What is LaMDA: Google’s new tech to make Android phones talk like humans – Times of India

From using AI to predict what users want and assist them in doing tasks, Google is now taking steps forward to make AI friendly. And for a machine to be your friend, it needs to have the ability to carry conversations by talking in a friendly way. Until now, Google Assistant used to sound like a robotic voice merely announcing search results.
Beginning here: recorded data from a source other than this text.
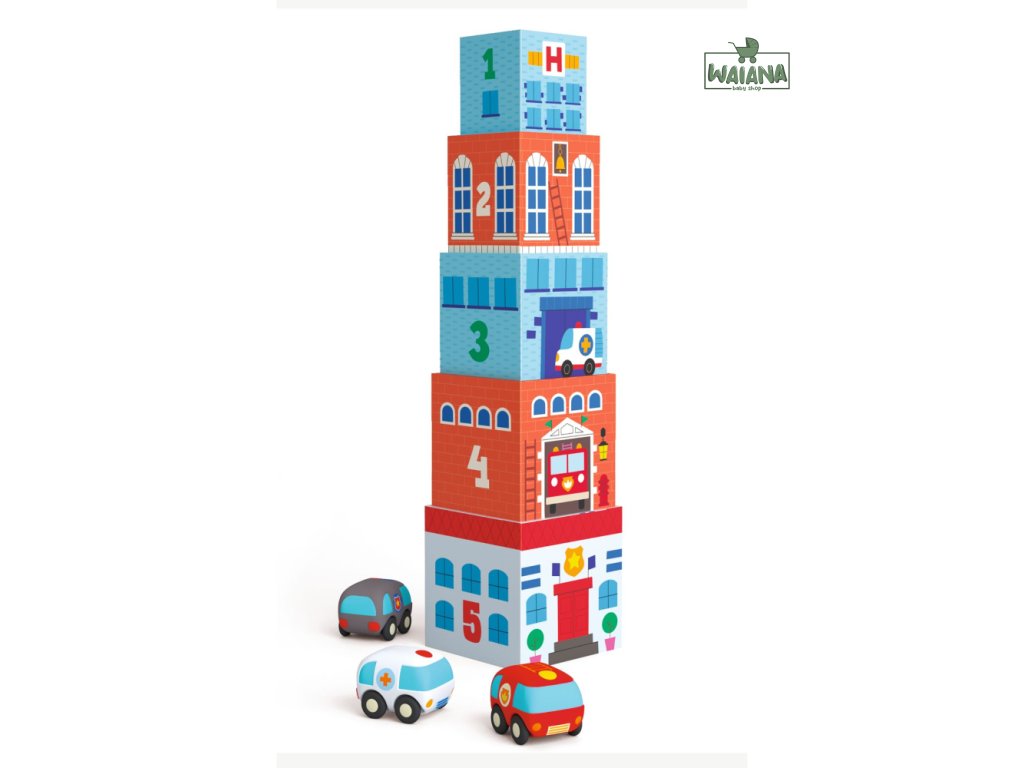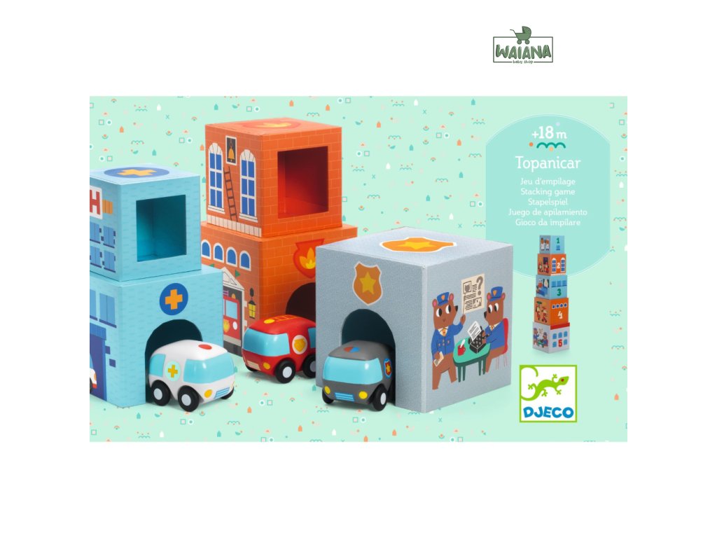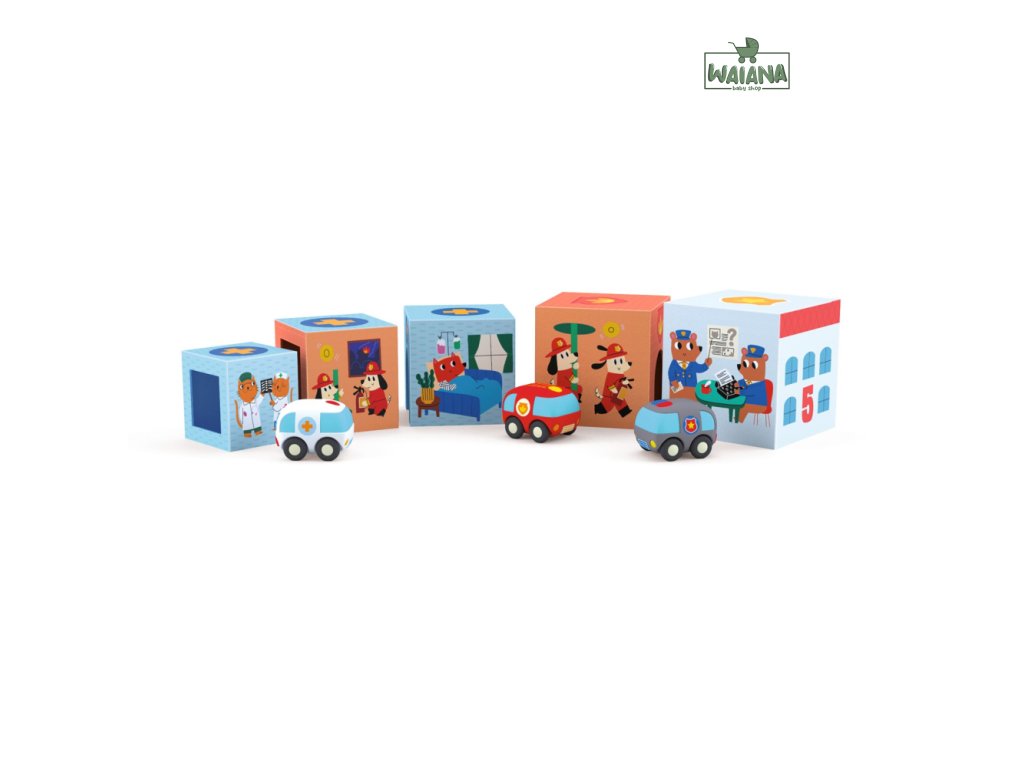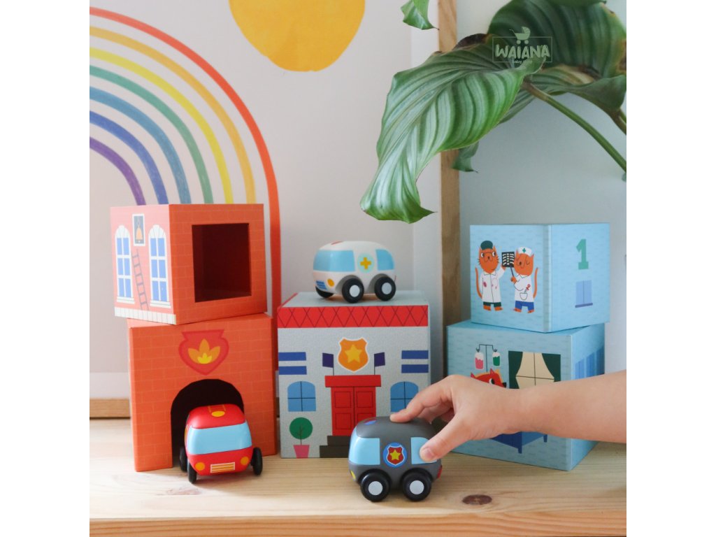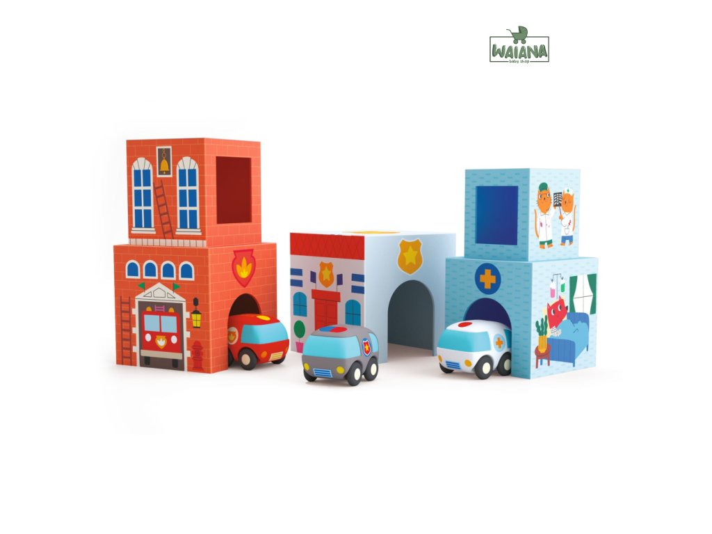 TopaniCar Domčeky z kociek pre autíčka Kocky a autíčka s umeleckými ilustráciami pre malých objaviteľov Táto kreatívna sada obsahuje 5 kociek z pevnej lepenky a 3 mäkké autíčka pre batoľatá – ambulanciu, policajné a hasičské auto. Kocky slúžia ako garáže pre autíčka a zároveň vďaka umeleckým ilustráciám predstavujú rôzne budovy a miesta, kde sa odohrávajú dôležité udalosti. Vďaka ekologickému certifikátu FSC® je hračka šetrná k životnému prostrediu. Sada podporuje rozvoj motorických zručností a fantázie u detí.Odporúčaný vek: 18+ mesiacov.Deti môžu:• stavať kocky do veže, čím vytvoria poschodový dom• používať kocky ako garíže pre autíčka• vkladať kocku jednu do druhejObsah balenia: • 5 kociek z lepenky• 3 autíčka z mäkkého plastu
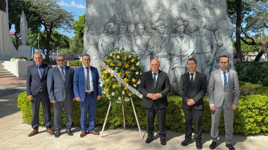 وقف وزير المجاهدين وذوي الحقوق العيد ربيقة الإثنين عند المعلم التذكاري “معلم أبطال الثورة” بالعاصمة ماناغوا أين وضع إكليلا من الزهور على أرواح أبطال جمهورية نيكاراغوا.
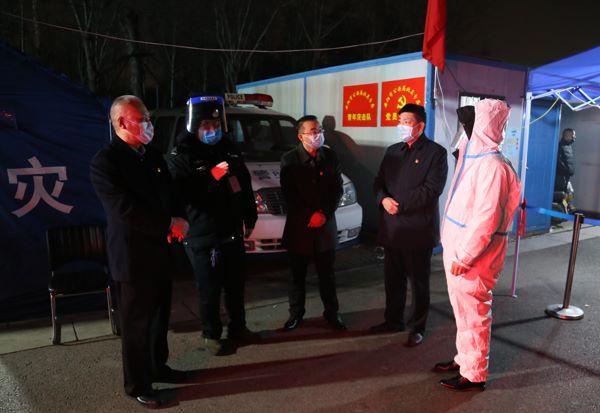 臘月的夜晚,最低氣溫已降到零度以下,堅(jiān)守防疫一線的抗疫隊(duì)員依然在忙碌。王高峰和防疫隊(duì)員親切交談,“飯吃的怎么樣?”“穿的暖不暖和?”“休息的怎么樣?”。他說(shuō),當(dāng)前疫情防控工作仍在關(guān)鍵時(shí)期,臨近春節(jié)返鄉(xiāng)人員不斷增多,一定做到嚴(yán)防死守,把“外防輸入”全面、具體、深入地落到實(shí)處?;疖囌臼欠酪叩闹匾翱?,是疫情防控工作的第一線,你們舍小家、為大家,克服一切困難,堅(jiān)守工作崗位,為全市疫情防控工作作出了積極貢獻(xiàn)。希望大家一如既往地發(fā)揚(yáng)不怕苦、不怕累的工作作風(fēng),加強(qiáng)自我防護(hù),注意勞逸結(jié)合,以最充沛的精力,堅(jiān)決守好疫情防控第一道防線。
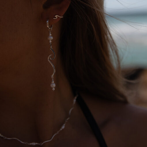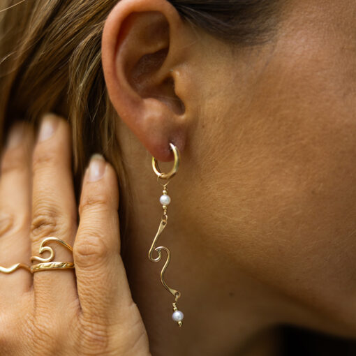 Wellen, wie vom Meer geformt. Die Wave Seeker Ohrringe sind gemacht für all die, die nie stillstehen – die immer auf der Suche sind nach der nächsten perfekten Welle und dem Gefühl von Freiheit. Während die liebevoll handgefertigten Wellen-Anhänger fein an deinem Ohr schwingen, fangen die Süßwasserperlen das Licht des Meeres ein. Schmuck für deinen inneren Kompass, der dich zu deiner nächsten perfekten Welle leitet.

But here comes LaMDA or ‘Language Model for Dialogue Applications’– Google new “breakthrough” technology to make Android phones, smart speakers, cars and other voice supported devices to converse like humans do.
With LaMDA, Google Assistant can make engaging conversations with you “in a free-flowing way about a seemingly endless number of topics.” This means if you ask Google Assistant about the current weather it would no longer stop by just saying “35-degree Celsius, sunny and 65% humidity”.
Google will reply to day-to-day queries like this in a more friendly manner like “It’s warm outside, you may want to carry a bottle of water”. Interestingly, it doesn’t stop there. Google will try to make it more engaging by continuing to talk to you. For example, the conversation may convert to “Hey, it may get slightly cooler during the evening, you may want to enjoy some beer at your favourite place.” And from the beer conversation, it may continue on to movies, food or other topics that you are interested in. This is similar to how humans talk to each other.
Google in an official blog post mentioned that the entire idea around LaMDA is replicating human conversations. “A chat with a friend about a TV show could evolve into a discussion about the country where the show was filmed before settling on a debate about that country’s best regional cuisine,” it said.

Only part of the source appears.